第16話:ノイズの復権
世界が反転する音を聞いたことがあるか? 俺はある。今、まさにその音の中にいるからだ。
一夜明けて、事態は制御不能な領域に突入していた。 『哀していた』という誤植……いや、今や「神表現」と崇められているその一言が、ネット上の空気を一変させたのだ。
テレビをつける。 昼のワイドショー。コメンテーターの席には、昨日までAI特集を得意げに語っていたITジャーナリストが座っている。
『これからは、AIには出せない「揺らぎ」の時代ですよ。この高村健という作家は、あえて完璧な日本語を崩すことで、喪失感という計算不可能な感情を表現した。いやあ、見事です』
「……嘘をつけ」
俺はソファで膝を抱えながら、画面に毒づいた。 お前、昨日は「AI校正を使わない作家は淘汰される」って言ってただろうが。
スマホを見る。 TikTokでは、若者たちが『人間失格の夜』の誤植箇所を朗読する動画がバズっていた。 ただし、昨日のような嘲笑ではない。 ピアノのBGMに乗せ、涙を流しながら「エモい」と語り合っているのだ。
『「肩を炊いた」。これは、熱情が物理的な熱量に変わるほどの激しい愛の隠喩!』 『「絶頂の淵」。絶望と絶頂は紙一重だという哲学的メッセージ!』 『誤字じゃない。これは「ノイズ・アート」だ!』
ノイズ・アート。 俺の恥ずかしいミスが、いつの間にか現代アートの最先端に祭り上げられている。 AIが生成する「正解」があふれかえる世の中で、俺の「間違い」は、皮肉にも希少価値の高い「人間性の証明」として消費され始めたのだ。
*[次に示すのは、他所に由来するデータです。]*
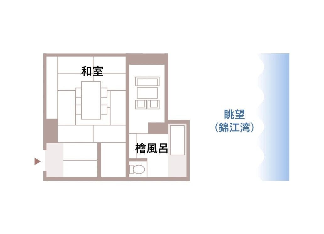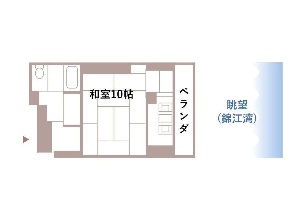 寛ぎの海側和室10帖で全室温泉付き。建物3階建ての低層階ながら、窓の外は南国情緒あふれるアコウの大木や七色に変化すると詠われた錦江湾が広がっています。お部屋前の通路窓からは珍しいリュウビンタイも見ることができます。

松島から電話がかかってくる。 昨夜とは違い、声が少し上擦っていた。
『高村さん、重版が決まりました。電子だけじゃない、紙でも出します。初版3万……いや、5万いけます』
「……正気か? 誤字だらけだぞ」
『直しませんよ。一文字たりとも』 松島は断言した。 『今の読者は、その誤字にお金を払っているんです。「AI校正を通していない証明書」としてね。修正したら、逆に炎上します』
「俺は、不良品を売る詐欺師か?」
『アーティスト、と呼んでください。……それと、取材依頼が殺到しています。テレビ、雑誌、Webメディア。全員が「あの表現に込めた意図」を聞きたがっている』
俺は電子タバコを口に運び、深く吸い込んだ。 煙を吐き出す。 ゆらゆらと揺れるその煙のように、真実と虚構の境界が曖昧になっていく。
俺には二つの選択肢があった。 一つは、正直に「あれはただのミスです。老眼と疲労の産物です」と謝罪すること。 そうすれば、ブームは一瞬で去り、俺は再び嘲笑の的になるだろう。作家生命は終わる。
もう一つは……。
『高村さん? 聞こえていますか?』
「……ああ、聞こえてる」
俺はデバイスを強く握りしめた。 熱を持っている。 俺のプライドは、とっくの昔に泥にまみれている。 だったら、その泥を「金箔」だと言い張って、最後まで演じ切るのも、作家の業じゃないのか?
「松島。取材、全部受けよう」
『いいんですか? 意図を聞かれますよ』
「問題ない」
俺は口角を吊り上げた。 鏡に映る俺の顔は、ひどく卑屈で、そして最高に邪悪だった。
「全て、俺の計算通りだとな」
電話を切る。 俺はPCに向かい、SNSのアカウントを開いた。 フォロワー数が、秒速で増えている。 俺は、震える指で「投稿」ボタンを押した。
『誤読こそが、読書の自由だ。正解《AI》に縛られるな。俺のノイズを感じろ』
送信。 直後に付く、無数の「いいね」。
俺はついに一線を超えた。 ミスを才能だと偽り、バグを芸術だと嘯く。 それはAIよりもタチの悪い、人間の嘘だ。
だが、不思議と気分は悪くなかった。 むしろ、腹の底から黒い笑いがこみ上げてくる。 世界中が、俺の「誤植」にひれ伏している。 ざまあみろ。AIも、アルゴリズムも、俺の「うっかりミス」には勝てなかったんだ。
俺は電子タバコのカートリッジを交換した。 新しい味がした。 それは、甘美な「勝利」の味だった。
まだ気づいていない。 この嘘が、やがて俺自身を、本当の意味で「学習データ」として売り渡すための契約書になるとは。